Les citoyens de la petite ville de Casale Monferrato, dans le Piémont, au nord de l'Italie, vont connaître lundi le verdict d'un gigantesque procès pour homicide. Pratiquement tous connaissent une victime: il y en a eu 3000.

Les accusés: le milliardaire suisse Stephan Schmidheiny et le baron belge Jean-Louis Marie Ghislain de Cartier de Marchienne, deux dirigeants de la société Eternit, qui exploitait une usine d'amiante-ciment dans cette ville de 36 000 habitants jusqu'en 1986.

Les deux hommes n'ont jamais comparu et ils sont inculpés par contumace. Ils risquent 20 ans de prison. Le procès se déroule à Turin depuis avril 2009.

Selon des témoignages entendus au procès et reproduits dans le documentaire Poussière mortelle, diffusé l'automne dernier en Europe, les dirigeants d'Eternit ont toujours minimisé les dangers de l'amiante.

«Eternit a nié et ridiculisé (ceux qui s'inquiétaient), relate Bruno Pesci, ancien fonctionnaire du travail à Casale. L'attitude a toujours été de nier.»

Les premières études démontrant la toxicité de l'amiante remontent aux années 50. En 1962, le lien a été établi pour le cancer de la plèvre (mésothéliome) et du péritoine. Mais, a-t-on souligné au procès, Eternit a commencé seulement en 1976 à songer à prendre des précautions dans la manipulation de l'amiante.

Le Québec, sujet de documentaire

C'est à cette époque que le discours sur l'usage sécuritaire de l'amiante a émergé. Ce discours vient du Québec, selon ce qui a été dit au procès Eternit.

Le documentariste Niccolò Bruna a voulu suivre cette piste québécoise.

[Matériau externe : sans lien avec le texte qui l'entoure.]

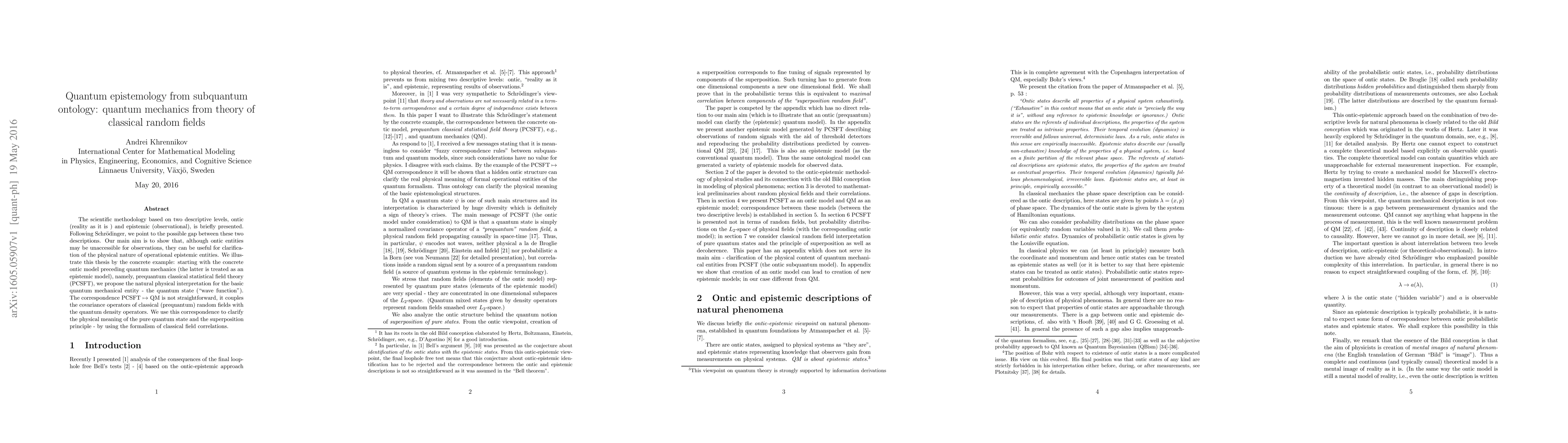 This paper explores quantum epistemology through subquantum ontology, proposing that classical random fields can provide a clearer physical interpretation of quantum mechanics. It demonstrates how prequantum classical statistical field theory (PCSFT) can naturally interpret quantum states and the superposition principle via classical field correlations.

Il a demandé une entrevue avec Clément Godbout, de l'Institut du chrysotile en mai 2010, entrevue qui lui a été refusée.

L'Institut du chrysotile, anciennement l'Institut de l'amiante, a été créé en 1984. Bien que plusieurs le voient comme le lobby de l'industrie, c'est une étiquette que l'organisme rejette vigoureusement. Son premier objectif est de «favoriser l'adoption et la mise en vigueur de règlements, de normes, de méthodes de travail et de techniques appropriés à l'utilisation sécuritaire de l'amiante chrysotile». L'organisme n'a pas voulu commenter le procès Eternit vendredi.

«Le Québec est au centre de notre sujet, dit M. Bruno, en entrevue téléphonique avec La Presse. Nous avons tenté de tourner au Canada, mais devant le refus de l'Institut du chrysotile, nous avons préféré nous rendre dans d'autres pays.»

Le film de M. Bruna suit des victimes de l'amiante en Italie. On peut y voir Romana Blazoti raconter comment elle a vu mourir son mari, puis sa soeur et enfin sa fille, tous fauchés par le mésothéliome.

Elle décrit les souffrances de sa fille, diagnostiquée en mars 2004, qui a vécu les 47 derniers jours de sa vie sous oxygène et sédation. «J'étais à côté d'elle et je ne pouvais rien faire pour l'aider, témoigne Mme Blazoti. Elle n'avait jamais travaillé chez Eternit. Je ne cherche pas la vengeance. Mais j'aimerais que les coupables aient l'occasion de suivre une victime du mésothéliome du début à la fin.»

On se rend aussi en Inde, grand importateur d'amiante, et au Brésil, grand exportateur. C'est d'ailleurs dans ce dernier pays que le débat sur l'amiante est le plus vigoureux. La substance y est interdite dans quatre provinces. On y suit Fernanda Gienasi, une inspectrice du travail de la province de São Paolo, qui a interdit l'amiante. On la voit inspecter un chargement d'amiante-ciment confisqué dans la cour d'une entreprise. «C'est ridicule, lisez cet avertissement: "Ne pas respirer", dit-elle. Comment arrêter de respirer?»

Mais c'est évidemment vers l'Italie que tous les yeux de la «planète amiante» seront tournés lundi. «C'est la première fois qu'il y a un procès criminel sur l'amiante, dit M. Bruna. Ce procès va changer la perspective internationale à ce sujet.»